The MDE is the smallest treatment effect you can detect with your specified power and sample size. It depends on:

- Sample sizes (n_treated, n_control)
- Residual variance (sigma)
- Significance level (alpha)
- Target power

In [None]:
# Calculate MDE for a basic 2x2 DiD design
# Assume: 50 treated units, 50 control units, outcome SD of 10
result = pa.mde(
    n_treated=50,
    n_control=50,
    sigma=10.0  # Residual standard deviation
)

print(result.summary())

In [None]:
# Access individual results
print(f"Minimum Detectable Effect: {result.mde:.2f}")
print(f"This is {result.mde / 10.0:.2f} standard deviations")
print(f"")
print(f"With 50 treated and 50 control units, and sigma=10,")
print(f"you can detect an effect of {result.mde:.2f} or larger")
print(f"with {result.power:.0%} power at alpha={result.alpha:.2f}.")
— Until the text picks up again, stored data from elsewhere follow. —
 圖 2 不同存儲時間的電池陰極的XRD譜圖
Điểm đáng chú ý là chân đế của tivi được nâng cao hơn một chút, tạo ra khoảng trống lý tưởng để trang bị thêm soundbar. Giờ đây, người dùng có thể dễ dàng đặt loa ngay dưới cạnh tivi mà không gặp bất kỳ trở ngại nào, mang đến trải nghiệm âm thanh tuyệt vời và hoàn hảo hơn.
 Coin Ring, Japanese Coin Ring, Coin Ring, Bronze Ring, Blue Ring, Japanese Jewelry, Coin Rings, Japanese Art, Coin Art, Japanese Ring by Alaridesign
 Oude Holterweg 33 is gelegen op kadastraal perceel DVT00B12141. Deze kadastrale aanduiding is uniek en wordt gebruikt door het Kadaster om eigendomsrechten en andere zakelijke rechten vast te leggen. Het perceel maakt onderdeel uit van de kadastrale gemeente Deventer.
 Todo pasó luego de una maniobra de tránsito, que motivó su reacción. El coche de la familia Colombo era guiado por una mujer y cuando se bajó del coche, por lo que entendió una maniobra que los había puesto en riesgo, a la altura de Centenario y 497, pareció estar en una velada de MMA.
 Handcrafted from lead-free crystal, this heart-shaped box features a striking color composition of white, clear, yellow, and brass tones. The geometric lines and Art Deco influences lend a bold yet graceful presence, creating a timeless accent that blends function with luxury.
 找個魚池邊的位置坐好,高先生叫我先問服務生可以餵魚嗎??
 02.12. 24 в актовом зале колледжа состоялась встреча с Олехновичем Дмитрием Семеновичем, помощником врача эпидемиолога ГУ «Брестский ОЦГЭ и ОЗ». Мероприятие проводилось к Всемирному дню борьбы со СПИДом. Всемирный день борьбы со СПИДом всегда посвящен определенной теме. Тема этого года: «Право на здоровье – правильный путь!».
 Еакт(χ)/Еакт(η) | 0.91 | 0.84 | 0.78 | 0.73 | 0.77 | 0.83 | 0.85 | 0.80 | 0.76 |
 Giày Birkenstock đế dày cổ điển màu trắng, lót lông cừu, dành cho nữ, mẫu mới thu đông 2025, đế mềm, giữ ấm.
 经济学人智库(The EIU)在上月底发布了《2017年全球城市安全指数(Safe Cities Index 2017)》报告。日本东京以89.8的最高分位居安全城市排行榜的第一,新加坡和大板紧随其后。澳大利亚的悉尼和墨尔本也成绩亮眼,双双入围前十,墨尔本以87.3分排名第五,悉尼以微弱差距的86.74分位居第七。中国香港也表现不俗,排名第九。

### How MDE Changes with Sample Size

In [None]:
# Compare MDE across different sample sizes
sample_sizes = [25, 50, 100, 200, 500]

print(f"{'N per group':>12} {'Total N':>10} {'MDE':>10} {'MDE/SD':>10}")
print("-" * 45)

for n in sample_sizes:
    result = pa.mde(n_treated=n, n_control=n, sigma=10.0)
    print(f"{n:>12} {2*n:>10} {result.mde:>10.2f} {result.mde/10.0:>10.2f}")

## 3. Required Sample Size

Given a target effect size to detect, calculate the required sample size.

In [None]:
# How many units do we need to detect an effect of 5 units?
result = pa.sample_size(
    effect_size=5.0,  # Effect we want to detect
    sigma=10.0  # Outcome standard deviation
)

print(result.summary())

In [None]:
# Compare sample sizes needed for different effect sizes
effect_sizes = [2.0, 3.0, 5.0, 7.0, 10.0]

print(f"{'Effect Size':>12} {'Effect/SD':>10} {'Required N':>12} {'N per group':>12}")
print("-" * 50)

for effect in effect_sizes:
    result = pa.sample_size(effect_size=effect, sigma=10.0)
    print(f"{effect:>12.1f} {effect/10.0:>10.2f} {result.required_n:>12} {result.n_treated:>12}")

## 4. Power Calculation

Given a specific effect size and sample size, calculate the statistical power.

In [None]:
# What's our power to detect an effect of 4 with 75 units per group?
pa_calc = PowerAnalysis(alpha=0.05)  # Don't specify target power for calculation

result = pa_calc.power(
    effect_size=4.0,
    n_treated=75,
    n_control=75,
    sigma=10.0
)

print(f"Power to detect effect of 4.0: {result.power:.1%}")
print(f"This is {'adequate' if result.power >= 0.80 else 'below the conventional 80% threshold'}")

## 5. Power Curves

Power curves show how power changes with effect size (or sample size). They're essential for understanding the trade-offs in study design.

In [None]:
# Generate power curve data
curve_df = pa.power_curve(
    n_treated=50,
    n_control=50,
    sigma=10.0
)

# Get MDE for reference
mde_result = pa.mde(n_treated=50, n_control=50, sigma=10.0)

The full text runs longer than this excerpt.